Look through the data below and extract, unchanged, the lines from the one that contains "FeatherFit™ Twist And" to the one that contains "Chuẩn Đô đốc", both included.

* [PROVIDED MATERIAL]

───

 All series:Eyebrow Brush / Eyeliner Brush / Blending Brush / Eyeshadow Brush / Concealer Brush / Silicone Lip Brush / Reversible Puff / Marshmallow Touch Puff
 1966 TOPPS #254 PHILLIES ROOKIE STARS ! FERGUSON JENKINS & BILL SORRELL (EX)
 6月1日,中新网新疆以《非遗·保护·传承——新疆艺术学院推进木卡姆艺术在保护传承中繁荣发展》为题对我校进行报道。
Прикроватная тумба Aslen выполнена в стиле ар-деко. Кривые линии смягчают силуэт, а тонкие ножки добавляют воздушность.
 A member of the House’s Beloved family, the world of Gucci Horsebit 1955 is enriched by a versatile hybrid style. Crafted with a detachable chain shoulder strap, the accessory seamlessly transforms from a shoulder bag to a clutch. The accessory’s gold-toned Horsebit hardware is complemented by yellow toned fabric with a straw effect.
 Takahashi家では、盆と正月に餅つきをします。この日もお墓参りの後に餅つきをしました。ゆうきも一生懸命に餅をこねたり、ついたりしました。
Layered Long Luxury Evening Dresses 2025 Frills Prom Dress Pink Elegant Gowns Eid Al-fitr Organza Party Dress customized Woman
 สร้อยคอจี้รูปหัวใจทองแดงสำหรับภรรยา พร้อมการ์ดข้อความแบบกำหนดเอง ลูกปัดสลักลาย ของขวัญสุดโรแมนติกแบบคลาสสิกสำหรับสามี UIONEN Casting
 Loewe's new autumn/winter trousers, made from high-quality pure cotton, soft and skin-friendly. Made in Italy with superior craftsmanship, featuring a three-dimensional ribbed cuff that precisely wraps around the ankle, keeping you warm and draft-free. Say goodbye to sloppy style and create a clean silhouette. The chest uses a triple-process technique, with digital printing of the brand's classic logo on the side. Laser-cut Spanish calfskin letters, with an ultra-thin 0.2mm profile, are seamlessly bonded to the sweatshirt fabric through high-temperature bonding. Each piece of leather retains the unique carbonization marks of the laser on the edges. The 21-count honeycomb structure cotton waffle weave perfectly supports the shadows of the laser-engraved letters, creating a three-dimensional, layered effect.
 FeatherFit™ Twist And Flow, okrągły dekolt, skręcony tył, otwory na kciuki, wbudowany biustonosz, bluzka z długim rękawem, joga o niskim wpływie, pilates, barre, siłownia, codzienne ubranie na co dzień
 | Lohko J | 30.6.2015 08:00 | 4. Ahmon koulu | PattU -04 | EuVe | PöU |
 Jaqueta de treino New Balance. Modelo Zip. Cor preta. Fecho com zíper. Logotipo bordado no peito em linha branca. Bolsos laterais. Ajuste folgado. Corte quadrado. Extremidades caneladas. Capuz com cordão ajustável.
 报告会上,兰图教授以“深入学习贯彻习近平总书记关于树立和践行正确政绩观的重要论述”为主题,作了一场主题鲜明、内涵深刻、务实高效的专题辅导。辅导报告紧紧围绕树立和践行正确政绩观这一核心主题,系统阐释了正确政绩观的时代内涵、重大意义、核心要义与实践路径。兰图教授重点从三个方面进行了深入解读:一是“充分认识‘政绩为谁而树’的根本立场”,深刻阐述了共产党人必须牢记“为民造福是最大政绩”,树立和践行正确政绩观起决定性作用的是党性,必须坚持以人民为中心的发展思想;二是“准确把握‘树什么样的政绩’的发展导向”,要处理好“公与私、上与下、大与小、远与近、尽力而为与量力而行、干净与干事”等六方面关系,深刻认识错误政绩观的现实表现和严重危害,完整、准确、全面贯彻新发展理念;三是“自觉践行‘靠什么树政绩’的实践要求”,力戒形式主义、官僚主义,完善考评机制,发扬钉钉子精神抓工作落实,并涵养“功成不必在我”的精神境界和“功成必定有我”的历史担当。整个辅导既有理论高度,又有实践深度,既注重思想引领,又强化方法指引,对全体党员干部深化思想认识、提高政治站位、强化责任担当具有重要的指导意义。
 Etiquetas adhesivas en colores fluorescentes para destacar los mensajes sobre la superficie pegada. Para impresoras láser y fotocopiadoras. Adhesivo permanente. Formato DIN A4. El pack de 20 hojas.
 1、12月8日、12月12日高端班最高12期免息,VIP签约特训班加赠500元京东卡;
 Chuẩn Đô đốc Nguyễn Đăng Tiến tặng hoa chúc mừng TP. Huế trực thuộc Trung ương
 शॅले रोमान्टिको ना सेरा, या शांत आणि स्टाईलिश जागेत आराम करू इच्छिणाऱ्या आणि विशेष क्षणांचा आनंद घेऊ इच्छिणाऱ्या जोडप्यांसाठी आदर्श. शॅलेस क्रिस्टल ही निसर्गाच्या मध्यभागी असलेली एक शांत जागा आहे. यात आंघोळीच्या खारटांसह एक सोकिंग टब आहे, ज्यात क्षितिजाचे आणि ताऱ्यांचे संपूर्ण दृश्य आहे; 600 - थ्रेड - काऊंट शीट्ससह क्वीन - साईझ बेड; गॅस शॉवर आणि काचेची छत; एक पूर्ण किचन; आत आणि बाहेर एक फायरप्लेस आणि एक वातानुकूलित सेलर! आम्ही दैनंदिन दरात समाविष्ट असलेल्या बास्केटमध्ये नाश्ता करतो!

───

* [SOLUTION TO THE PROBLEM]
 FeatherFit™ Twist And Flow, okrągły dekolt, skręcony tył, otwory na kciuki, wbudowany biustonosz, bluzka z długim rękawem, joga o niskim wpływie, pilates, barre, siłownia, codzienne ubranie na co dzień
 | Lohko J | 30.6.2015 08:00 | 4. Ahmon koulu | PattU -04 | EuVe | PöU |
 Jaqueta de treino New Balance. Modelo Zip. Cor preta. Fecho com zíper. Logotipo bordado no peito em linha branca. Bolsos laterais. Ajuste folgado. Corte quadrado. Extremidades caneladas. Capuz com cordão ajustável.
 报告会上,兰图教授以“深入学习贯彻习近平总书记关于树立和践行正确政绩观的重要论述”为主题,作了一场主题鲜明、内涵深刻、务实高效的专题辅导。辅导报告紧紧围绕树立和践行正确政绩观这一核心主题,系统阐释了正确政绩观的时代内涵、重大意义、核心要义与实践路径。兰图教授重点从三个方面进行了深入解读:一是“充分认识‘政绩为谁而树’的根本立场”,深刻阐述了共产党人必须牢记“为民造福是最大政绩”,树立和践行正确政绩观起决定性作用的是党性,必须坚持以人民为中心的发展思想;二是“准确把握‘树什么样的政绩’的发展导向”,要处理好“公与私、上与下、大与小、远与近、尽力而为与量力而行、干净与干事”等六方面关系,深刻认识错误政绩观的现实表现和严重危害,完整、准确、全面贯彻新发展理念;三是“自觉践行‘靠什么树政绩’的实践要求”,力戒形式主义、官僚主义,完善考评机制,发扬钉钉子精神抓工作落实,并涵养“功成不必在我”的精神境界和“功成必定有我”的历史担当。整个辅导既有理论高度,又有实践深度,既注重思想引领,又强化方法指引,对全体党员干部深化思想认识、提高政治站位、强化责任担当具有重要的指导意义。
 Etiquetas adhesivas en colores fluorescentes para destacar los mensajes sobre la superficie pegada. Para impresoras láser y fotocopiadoras. Adhesivo permanente. Formato DIN A4. El pack de 20 hojas.
 1、12月8日、12月12日高端班最高12期免息,VIP签约特训班加赠500元京东卡;
 Chuẩn Đô đốc Nguyễn Đăng Tiến tặng hoa chúc mừng TP. Huế trực thuộc Trung ương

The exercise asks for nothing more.